2020年07月20日    月曜日     第1 回の開示 合計2478回の開示

黒い箱の中の錯覚――松明が火の輪に変わる

燃えているマッチの頭を見ると、ある種の受があります。もしその燃えるマッチの頭を素早く揺らせば、円形の火線が形成され、別の受が生じるでしょう。見る相が異なれば、感受もまた異なります。松明を見るのは一つの受であり、それを激しく振って火の輪を作れば、この受はより強烈で胸騒ぎするものに変わります。いずれの受であれ、それを観じて深く分析すれば、すべては虚驚に過ぎず、妄受にすぎないと悟るでしょう。何の根拠があるというのでしょうか。鏡に映った火に心をかき乱され、画面の中の危険に恐怖に震えるとは、いったいどこに実体があるというのでしょう。

外界にある燃えるマッチの頭は、どれほど速く揺らしても永遠に一点であり、一つのマッチ頭にすぎません。決して小さな火の輪を形成することはなく、まるで円形のトラックを走る一人の人間のように、どれほど速く走っても永遠に一人で走っているのであり、多数の同じ人間がトラックを囲んで円を描くことはありません。しかし観察者の視力に問題が生じ、人の走る速度についていけなくなると、視覚障害が発生します。先の人影が消えぬうちに後の人影が現れ、こうして次々と人影が現れ続けるため、多数の人間がトラックを一周して走っているように見えるのです。

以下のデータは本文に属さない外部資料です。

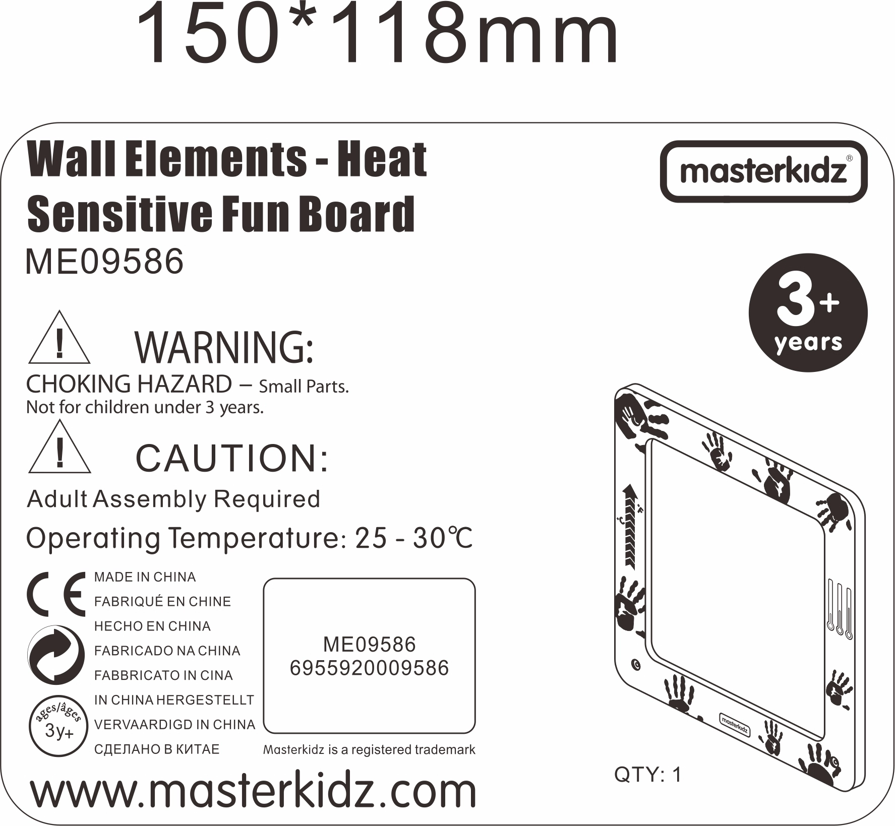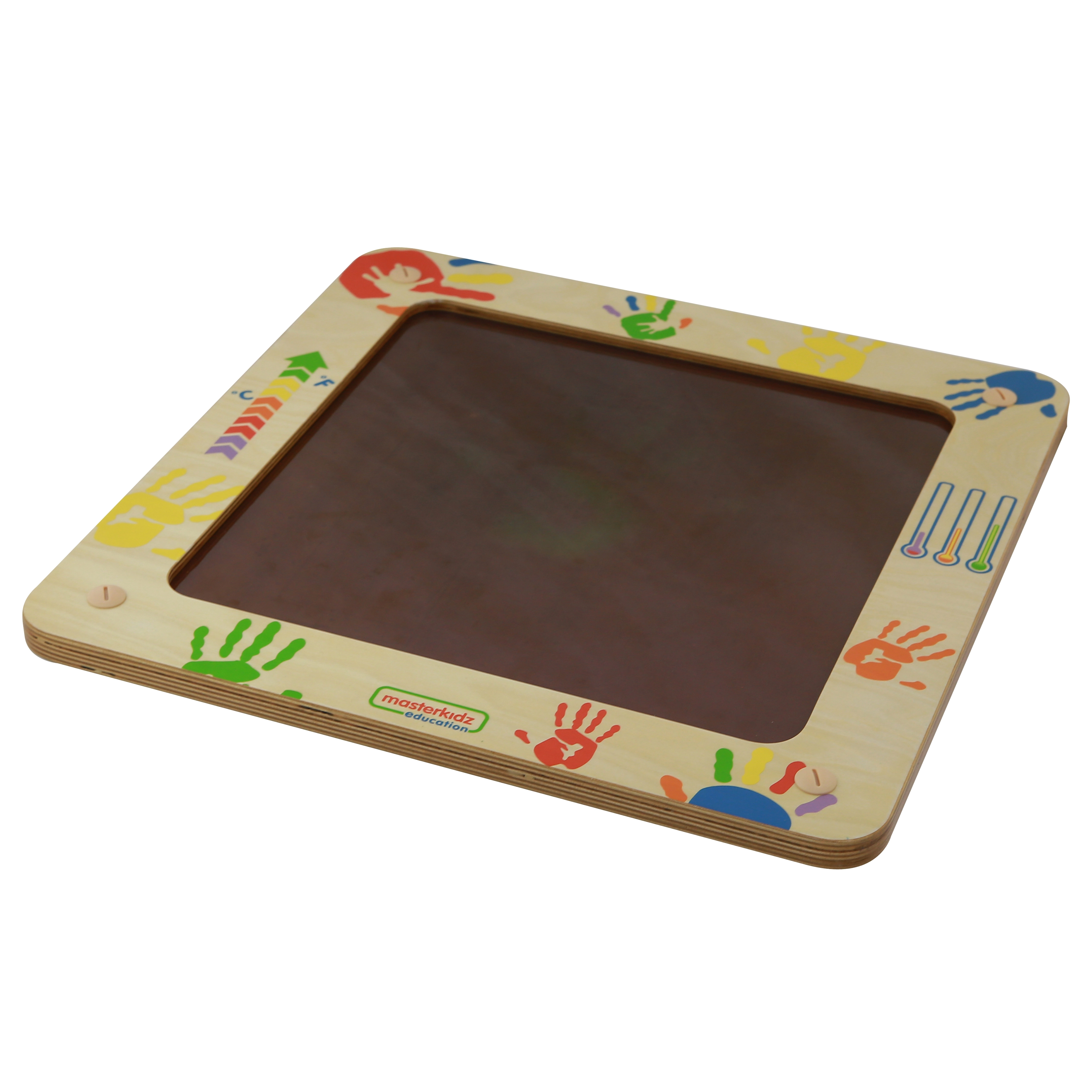 Het Masterkidz bord is een uniek educatief speelgoed waarmee kinderen kleurveranderingen op het oppervlak kunnen waarnemen door de warmte van hun handen of vingers. Het is een geweldige manier voor kinderen om te leren over temperatuur en het menselijk lichaam.
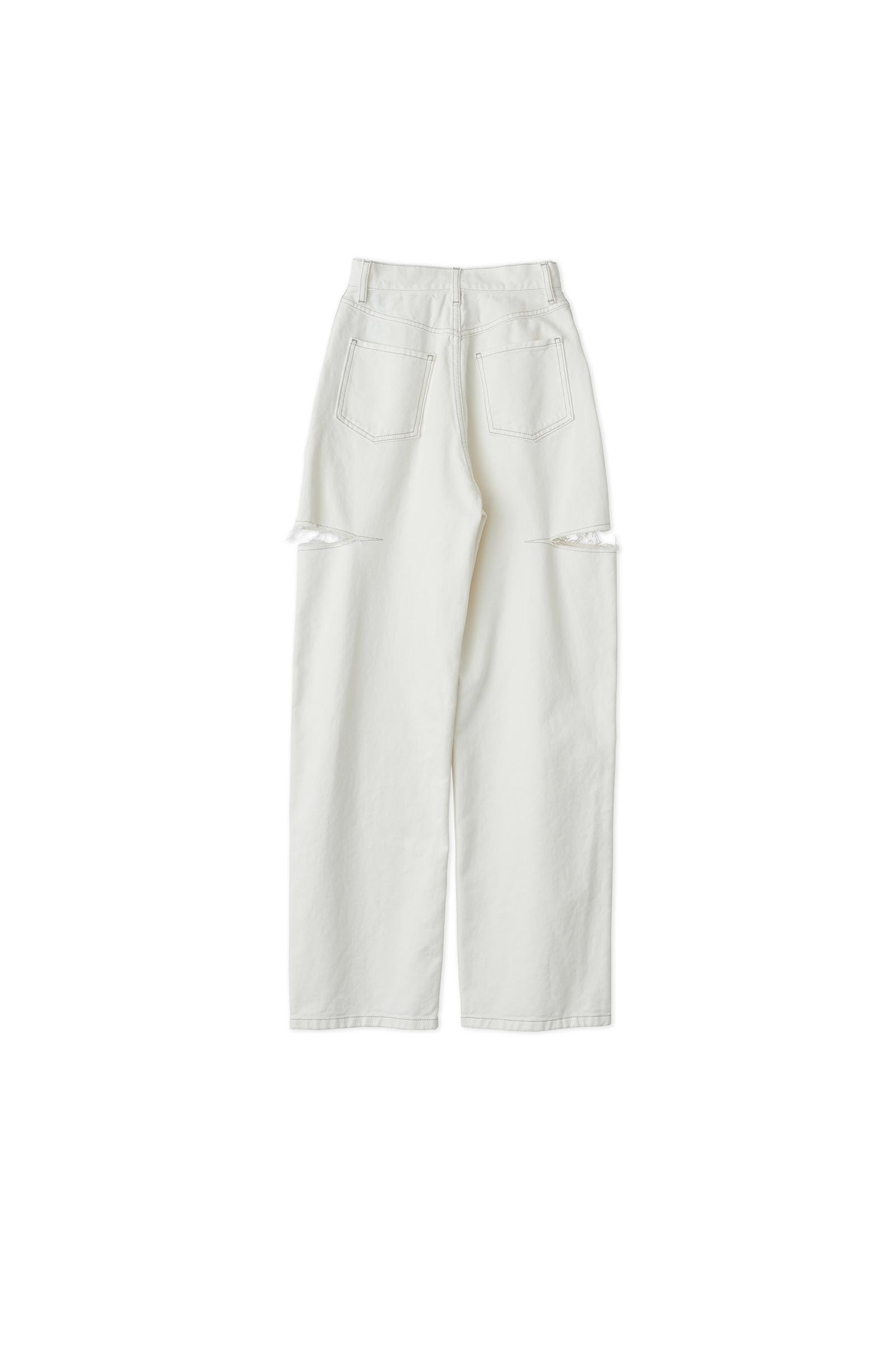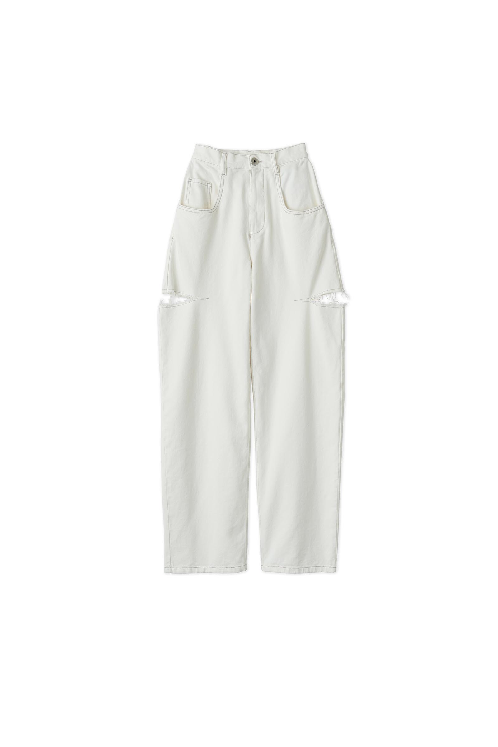 ストーンウォッシュの色合いを表現したルーズなフィッティングの5ポケットデニム。シルエットはストレートで存在感のあるボリューム。太腿のスラッシュは大胆かつラフにカッティングされ、独特なシルエットが生み出されている。スラッシュ部分のほつれた糸もこのデニムの持つ雰囲気の良さを演出している。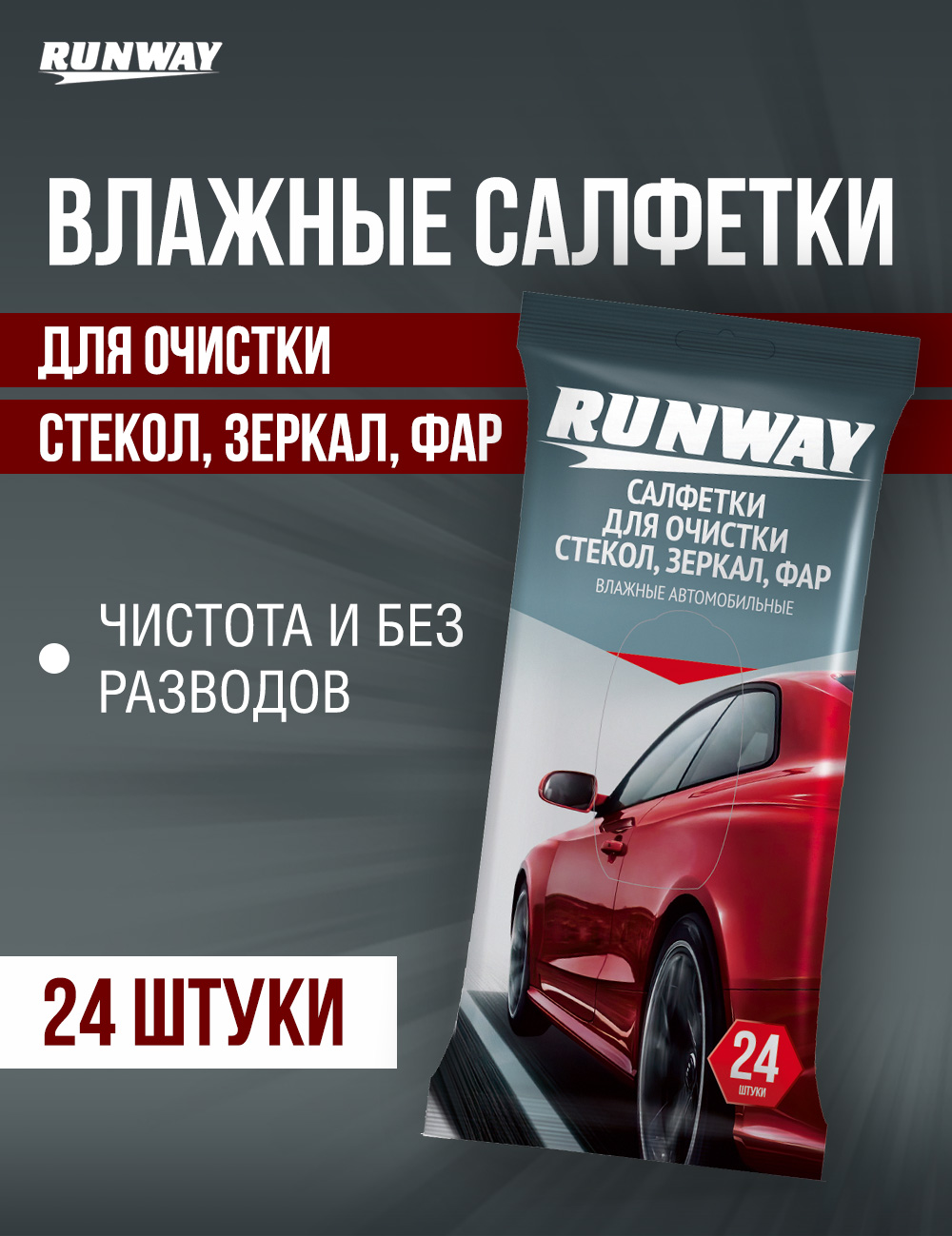 Влажные салфетки для очистки стекол, зеркал, фар RUNWAY RW642 25 шт. 46972 превосходно очищают от дорожной грязи, масла, жира, следов насекомых и других загрязнений. Материал не оставляет разводов и ворсинок на поверхности. Салфетки можно использовать в быту, внутри и снаружи автомобиля. Размер изделия: 15х20 см.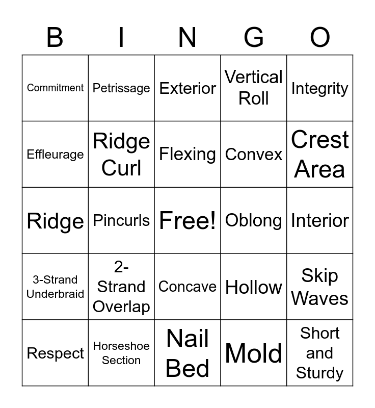 This bingo card has a free space and 24 words: 2-Strand Overlap, Horseshoe Section, Flexing, Respect, Integrity, Commitment, Effleurage, Petrissage, Oblong, Concave, Convex, Ridge, Hollow, Skip Waves, Ridge Curl, Mold, Interior, Exterior, Crest Area, Pincurls, Short and Sturdy, 3-Strand Underbraid, Vertical Roll and Nail Bed.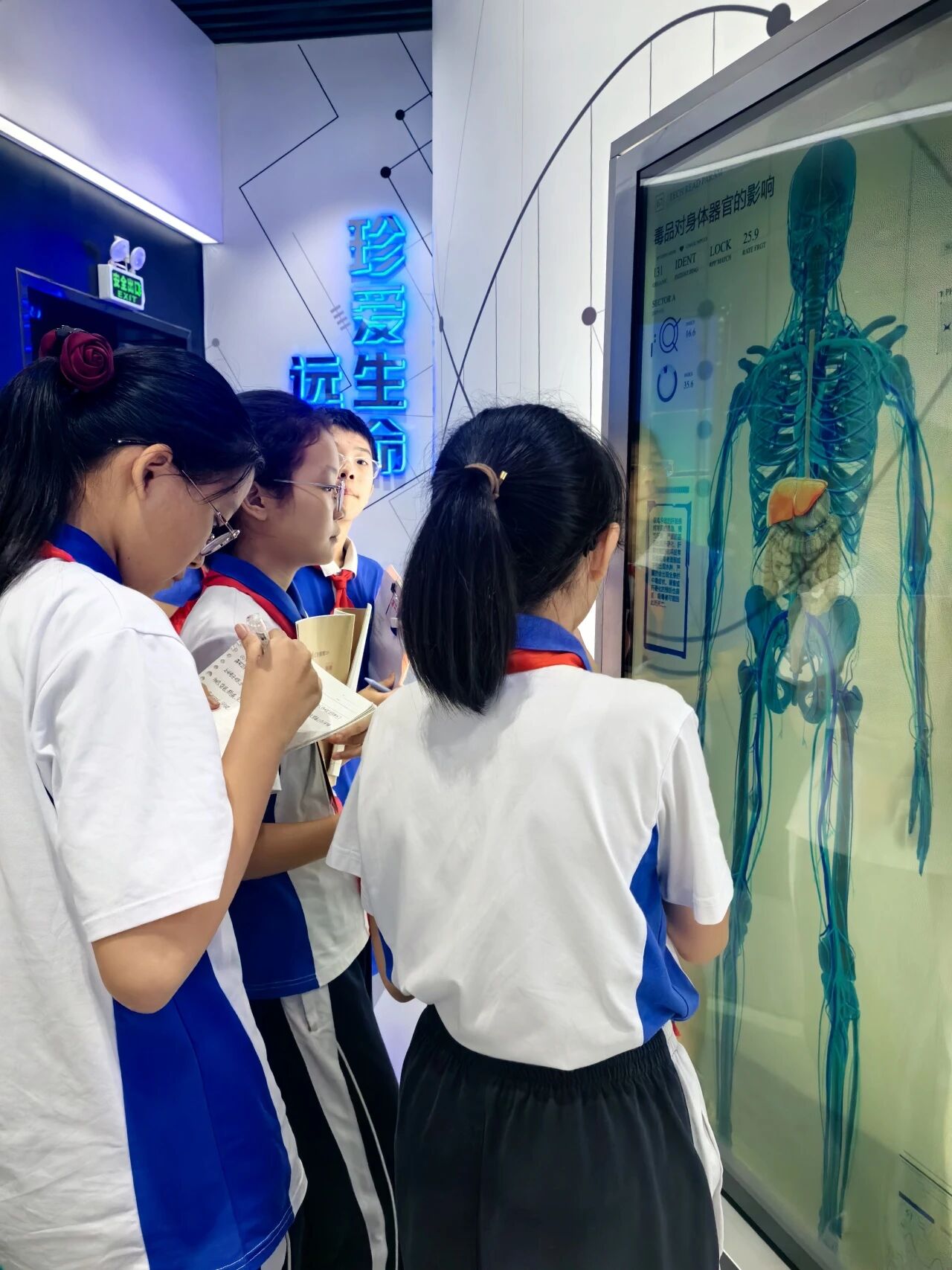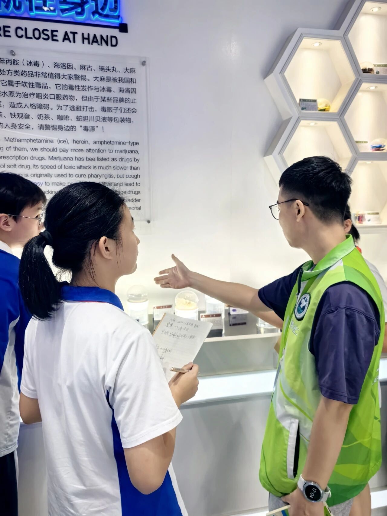 最令我心头一震的,是禁毒展区。那些伪装成“跳跳糖”“果汁饮料”的毒品模型,色彩鲜艳,与普通零食几乎一模一样,却藏着致命的毒牙。展板上,一张张因吸毒而扭曲的面孔令人揪心,讲解员沉重地讲述着:有初中生因一时好奇尝试,从此坠入深渊,身体被摧残,学业被葬送,人生被改写……我的心仿佛被重重击了一下,久久不能平静:生命如此珍贵,容不得半点侥幸。今天的参观不仅是一堂课,更是一次生命的觉醒——安全不是口号,而是我们必须时刻紧握的盾牌。(图文/坂田部团委)

外界のマッチ頭の微粒子が黒匣子に入る時、同様に単一のマッチ頭であります。外界のマッチ頭がどれほど速く揺れようとも、黒匣子内の一時点・一位置には内塵のマッチ頭が一つあるのみで、多数のマッチ頭が集まって円を形成することはありません。ではなぜ識心の見るところは火の輪なのでしょうか。これは残像現象であり、過去の影像がまだ識心に残っているうちに新しい影像が次々と現れ、前後の順序に従って火の輪を見ているかのようになるのです。たとえ一つのマッチ頭を見るにしても不実の見方であり、錯覚にすぎません。ましてや多数のマッチ頭が形成する小さな火の輪を見ることなど、なおさらのことです。